▶ WHAT THIS TASK INVOLVES
Would you output all the lines below precisely as they stand, leaving each picture out?

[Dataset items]
Segment Open
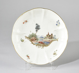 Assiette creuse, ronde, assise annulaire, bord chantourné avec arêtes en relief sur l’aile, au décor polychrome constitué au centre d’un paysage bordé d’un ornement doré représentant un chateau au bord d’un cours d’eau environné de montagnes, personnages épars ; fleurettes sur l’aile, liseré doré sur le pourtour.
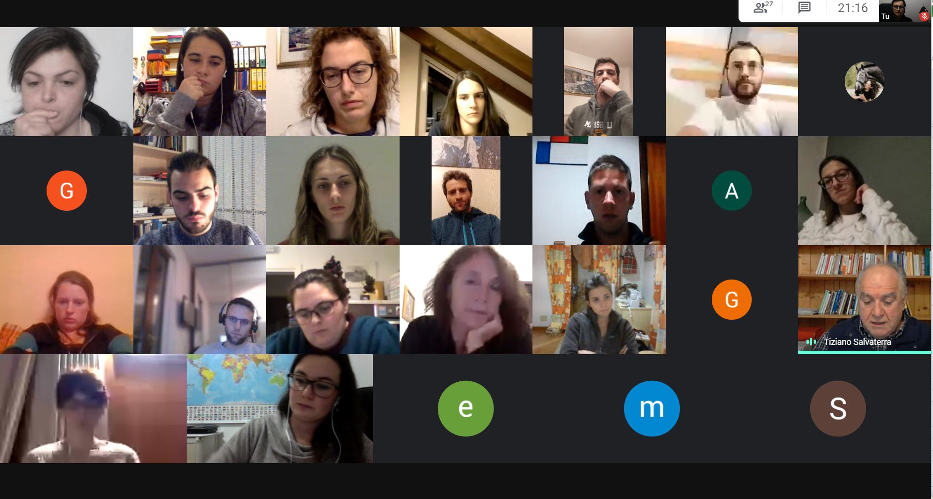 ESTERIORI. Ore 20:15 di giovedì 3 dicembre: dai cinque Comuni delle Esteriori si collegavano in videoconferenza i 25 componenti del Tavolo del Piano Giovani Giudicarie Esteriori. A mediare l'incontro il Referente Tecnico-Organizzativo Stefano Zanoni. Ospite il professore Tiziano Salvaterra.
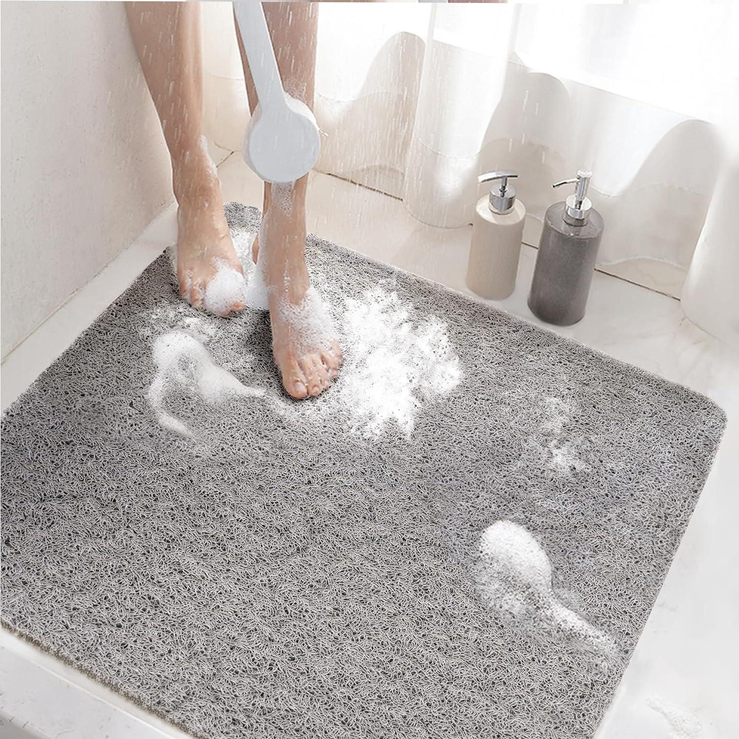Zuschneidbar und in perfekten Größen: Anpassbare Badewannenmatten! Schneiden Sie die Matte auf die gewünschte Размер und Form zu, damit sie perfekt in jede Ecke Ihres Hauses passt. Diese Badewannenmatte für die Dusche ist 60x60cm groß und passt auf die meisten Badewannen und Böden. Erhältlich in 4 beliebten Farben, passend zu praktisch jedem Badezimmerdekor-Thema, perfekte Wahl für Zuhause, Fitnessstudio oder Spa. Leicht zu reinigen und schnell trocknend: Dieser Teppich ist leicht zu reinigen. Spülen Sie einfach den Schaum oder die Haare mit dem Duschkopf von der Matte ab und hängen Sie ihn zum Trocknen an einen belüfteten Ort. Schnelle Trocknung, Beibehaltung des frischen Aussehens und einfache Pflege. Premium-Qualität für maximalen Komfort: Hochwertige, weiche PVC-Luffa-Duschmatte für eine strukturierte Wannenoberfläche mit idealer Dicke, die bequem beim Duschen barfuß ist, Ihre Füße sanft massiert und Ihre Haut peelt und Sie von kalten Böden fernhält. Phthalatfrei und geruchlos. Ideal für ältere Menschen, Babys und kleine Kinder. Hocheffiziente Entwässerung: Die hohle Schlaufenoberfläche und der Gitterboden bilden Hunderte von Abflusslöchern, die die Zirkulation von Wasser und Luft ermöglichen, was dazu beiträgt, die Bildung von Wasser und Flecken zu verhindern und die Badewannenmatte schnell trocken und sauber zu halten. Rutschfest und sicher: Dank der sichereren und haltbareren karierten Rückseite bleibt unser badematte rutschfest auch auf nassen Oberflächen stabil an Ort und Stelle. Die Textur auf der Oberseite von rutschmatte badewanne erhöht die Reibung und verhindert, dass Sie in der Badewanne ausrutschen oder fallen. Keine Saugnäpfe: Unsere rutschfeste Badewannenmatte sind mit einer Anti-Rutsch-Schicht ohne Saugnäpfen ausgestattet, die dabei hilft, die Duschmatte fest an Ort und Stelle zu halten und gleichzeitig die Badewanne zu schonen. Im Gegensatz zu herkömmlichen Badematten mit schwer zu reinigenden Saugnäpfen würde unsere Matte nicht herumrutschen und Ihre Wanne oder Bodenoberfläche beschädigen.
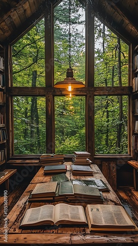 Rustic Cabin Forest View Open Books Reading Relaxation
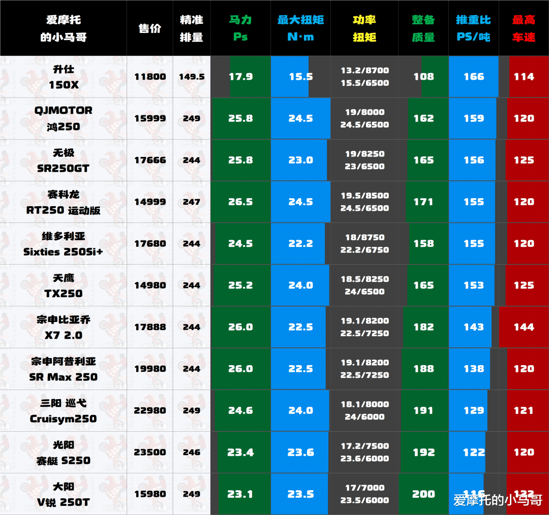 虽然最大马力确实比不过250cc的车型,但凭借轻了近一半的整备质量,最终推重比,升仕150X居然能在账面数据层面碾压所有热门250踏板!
Segment Closed
▶ EXPECTED ANSWER
 Assiette creuse, ronde, assise annulaire, bord chantourné avec arêtes en relief sur l’aile, au décor polychrome constitué au centre d’un paysage bordé d’un ornement doré représentant un chateau au bord d’un cours d’eau environné de montagnes, personnages épars ; fleurettes sur l’aile, liseré doré sur le pourtour.
 ESTERIORI. Ore 20:15 di giovedì 3 dicembre: dai cinque Comuni delle Esteriori si collegavano in videoconferenza i 25 componenti del Tavolo del Piano Giovani Giudicarie Esteriori. A mediare l'incontro il Referente Tecnico-Organizzativo Stefano Zanoni. Ospite il professore Tiziano Salvaterra.
Zuschneidbar und in perfekten Größen: Anpassbare Badewannenmatten! Schneiden Sie die Matte auf die gewünschte Размер und Form zu, damit sie perfekt in jede Ecke Ihres Hauses passt. Diese Badewannenmatte für die Dusche ist 60x60cm groß und passt auf die meisten Badewannen und Böden. Erhältlich in 4 beliebten Farben, passend zu praktisch jedem Badezimmerdekor-Thema, perfekte Wahl für Zuhause, Fitnessstudio oder Spa. Leicht zu reinigen und schnell trocknend: Dieser Teppich ist leicht zu reinigen. Spülen Sie einfach den Schaum oder die Haare mit dem Duschkopf von der Matte ab und hängen Sie ihn zum Trocknen an einen belüfteten Ort. Schnelle Trocknung, Beibehaltung des frischen Aussehens und einfache Pflege. Premium-Qualität für maximalen Komfort: Hochwertige, weiche PVC-Luffa-Duschmatte für eine strukturierte Wannenoberfläche mit idealer Dicke, die bequem beim Duschen barfuß ist, Ihre Füße sanft massiert und Ihre Haut peelt und Sie von kalten Böden fernhält. Phthalatfrei und geruchlos. Ideal für ältere Menschen, Babys und kleine Kinder. Hocheffiziente Entwässerung: Die hohle Schlaufenoberfläche und der Gitterboden bilden Hunderte von Abflusslöchern, die die Zirkulation von Wasser und Luft ermöglichen, was dazu beiträgt, die Bildung von Wasser und Flecken zu verhindern und die Badewannenmatte schnell trocken und sauber zu halten. Rutschfest und sicher: Dank der sichereren und haltbareren karierten Rückseite bleibt unser badematte rutschfest auch auf nassen Oberflächen stabil an Ort und Stelle. Die Textur auf der Oberseite von rutschmatte badewanne erhöht die Reibung und verhindert, dass Sie in der Badewanne ausrutschen oder fallen. Keine Saugnäpfe: Unsere rutschfeste Badewannenmatte sind mit einer Anti-Rutsch-Schicht ohne Saugnäpfen ausgestattet, die dabei hilft, die Duschmatte fest an Ort und Stelle zu halten und gleichzeitig die Badewanne zu schonen. Im Gegensatz zu herkömmlichen Badematten mit schwer zu reinigenden Saugnäpfen würde unsere Matte nicht herumrutschen und Ihre Wanne oder Bodenoberfläche beschädigen.
 Rustic Cabin Forest View Open Books Reading Relaxation
 虽然最大马力确实比不过250cc的车型,但凭借轻了近一半的整备质量,最终推重比,升仕150X居然能在账面数据层面碾压所有热门250踏板!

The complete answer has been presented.